O que seriam das artes no Brasil sem o Sesc?", indagou a atriz Zezé Motta, no palco do evento de 60 anos de trabalho social do Sesc com idosos.

Fernanda Montenegro, que estava ao lado, concordou e completou.

É isso mesmo! Nós sabemos na pela o que representa o Sesc na pessoa do professor Danilo Miranda".

Em abril deste ano, o dramaturgo José Celso Martinez, fez uma declaração sobre Danilo.

Se não tivesse Danilo Miranda, não tinha teatro em São Paulo. Só teria musical", afirmou.

Nascido numa família de classe média de Campos de Goytacazes, no Rio de Janeiro, em 1943, Miranda era o terceiro dos quatro filhos de uma farmacêutica e um dentista, que também era jornalista e gostava de tocar violão para a família cantar reunida.

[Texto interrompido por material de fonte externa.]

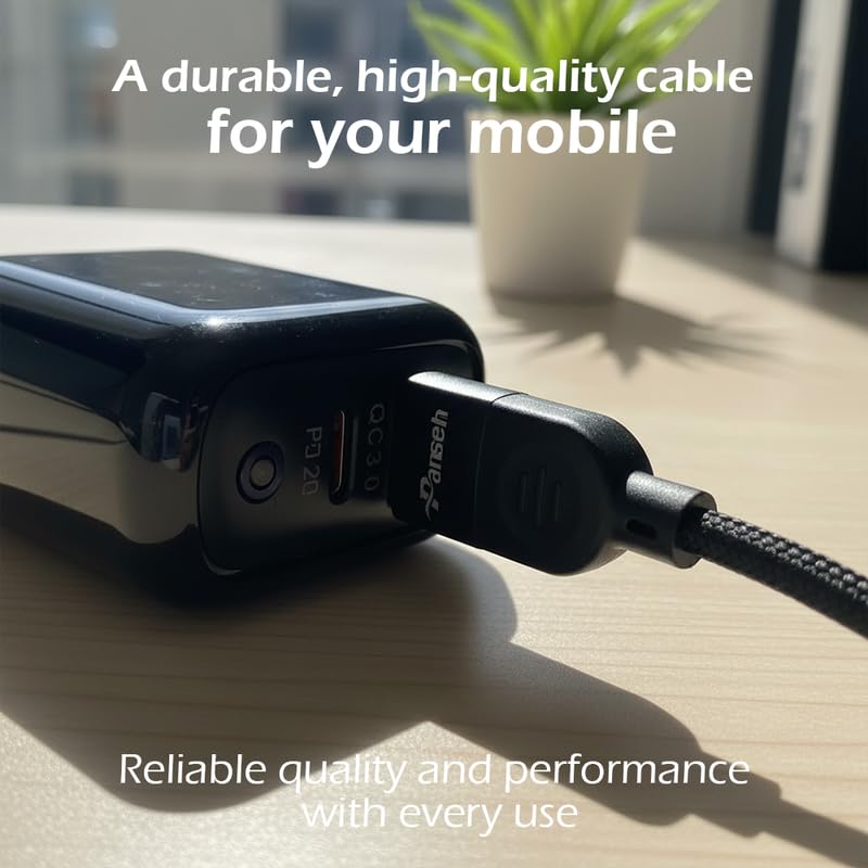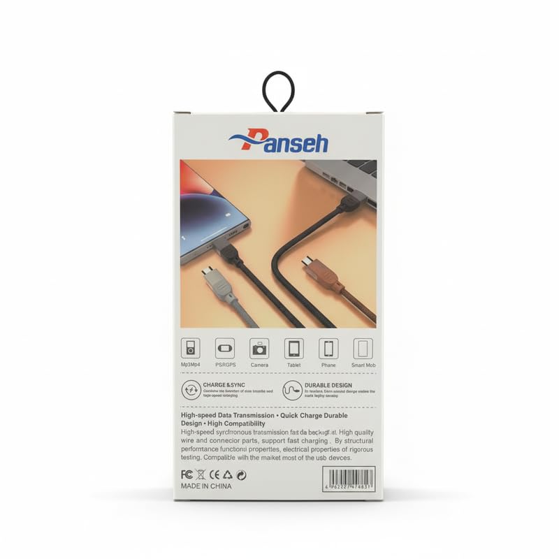 Panseh - كابل شحن سريع ونقل بيانات عالي السرعة من بانسيه - PC006 - طول الكابل 100 سم - كابل من النوع سي الى نوع سي - اسود

Perdeu sua mãe aos sete anos de idade, vítima de uma infecção nos rins com apenas 31 anos. Ele e seu irmãos passaram a ser criados pela avó, Donana. Aos 11 anos, ingressou na Escola Apostólica dos Jesuítas, em Friburgo, no Rio de Janeiro, um internato religioso de intensa atividade intelectual e esportiva, sediado no Colégio Anchieta.

Ele fez parte da banda, do cineclube e das audições de sinfonias da escola. Criou uma academia de letras escolar, fundou um grêmio estudantil e participou de encontros do movimento estudantil ligado à União Nacional dos Estudantes. Mas, a ideia de servir ao próximo, numa vida de renúncias, falou mais alto e o levou para o seminário.

A vida religiosa fundamentou meu interesse pelo lado político, aquilo de você não ser só você mesmo, de abrir-se um pouco, perceber o entorno. Um órfão tem muita facilidade para compreender os outros. À medida que você tem carências, você entende a carência externa", disse em entrevista de 2014, à revista A Terceira Idade.

No início dos anos 80, ele se tornou frequentador assíduo e entusiasta do Sesc Pompeia e de sua programação musical inovadora, que incluía gafieiras de Paulo Moura e shows de Tim Maia e Jorge Ben Jor. E, no corredor aberto da antiga fábrica, cruzava com o empresário Abram Szajman, entre pessoas próximas da comunidade judaica.

Pouuco tempo depois de assumir a presidência da Federação do Comércio do Estado de São Paulo, em 1984, Szajman convidou Miranda para o cargo de diretor regional do Sesc. Foi uma parceria feliz e duradoura. Abram deu aval para o projeto de expansão da rede Sesc e respaldo às decisões de Miranda, que substituiria o financiamento a artistas e grupos residentes pelo modelo de fomento amplo e diverso que consagrou a história recente da instituição.

Para Miranda, a cultura era uma ação educativa continuada, uma condição da cidadania e, portanto, não poderia estar subjugada a lógicas do mercado, pressões políticas ou caprichos de quem quer que fosse.

Pouco dias antes de ser hospitalizado, o diretor regional reuniu membros de sua equipe para discutir os novos projetos da instituição.

A assinatura marcante de um centralizador obstinado e os muitos anos na direção do Sesc São Paulo, fizeram Miranda ser a personificação da instituição que liderava, numa comunhão entre vida e trabalho que era sua velha conhecida.

Fico aqui como se fosse para vida toda", disse ele. E, assim, foi.